This exact case happened when going from Xcode 15.0.1 to Xcode 15.1. However, it can occur on any command line xcodebuild invocation in which a Simulator device is removed from Xcode for the latest iOS. The error message at the bottom is somewhat misleading when trying to arrive at the root cause.
Further up in the log, you will see this warning.

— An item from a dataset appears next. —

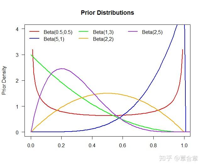 \operatorname{Beta}(\theta ; \alpha, \beta) \propto \theta^{\alpha-1}(1-\theta)^{\beta-1} \\

--- xcodebuild: WARNING: Using the first of multiple matching destinations:
{ platform:macOS, arch:arm64, variant:Designed for [iPad,iPhone], id:00006001-001460CE1A45801E }
{ platform:iOS, id:dvtdevice-DVTiPhonePlaceholder-iphoneos:placeholder, name:Any iOS Device }
{ platform:iOS Simulator, id:dvtdevice-DVTiOSDeviceSimulatorPlaceholder-iphonesimulator:placeholder, name:Any iOS Simulator Device }
{ platform:iOS Simulator, id:03FE7456-3AAA-4060-A403-A0A90E8DE31A, OS:15.0, name:iPad (9th generation) }
{ platform:iOS Simulator, id:03FE7456-3AAA-4060-A403-A0A90E8DE31A, OS:15.0, name:iPad (9th generation) }
And so on...
Another thing to keep in mind is that the destination parameter has default values for its sub-parameters. From the xcodebuild man page:
When specifying the simulated device by name, the iOS version for that simulated device, such as 6.0, or the string latest (the default) to indicate the most recent version of iOS supported by this version of Xcode.

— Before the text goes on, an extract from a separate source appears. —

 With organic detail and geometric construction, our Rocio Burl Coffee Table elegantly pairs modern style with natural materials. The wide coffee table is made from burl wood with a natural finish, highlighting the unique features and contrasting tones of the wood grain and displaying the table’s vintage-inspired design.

My invocation was asking for the latest iOS version on iPhone 14. The latest iOS in Xcode 15.1 is iOS 17.2. My Mac has Simulators left over from older Xcode installations and iPhone 14 is available but it only goes up to iOS 17.0.1. Therefore, my invocation was asking for an impossible device combo. Xcode 15.1 has an iPhone 15 at iOS 17.2, not an iPhone 14.
Instead of reporting an error and failing there, xcodebuild only logs a warning and then picks the first available destination. Because my Mac has an Apple silicon CPU, and because of the feature Apple calls “Designed for iPhone or Designed for iPad”, it is possible to run my iOS app directly in macOS. Unfortunately, the first destination in the list will attempt to run the app on my Mac itself but not in an iOS Simulator. Since it is trying to run on a real device, of course, it expects that real device to be registered in a provisioning profile. And that’s how the misleading error message shows up.
The fix was to update our scripts to invoke xcodebuild with a destination parameter containing iPhone 15 instead of iPhone 14 starting with Xcode 15.1.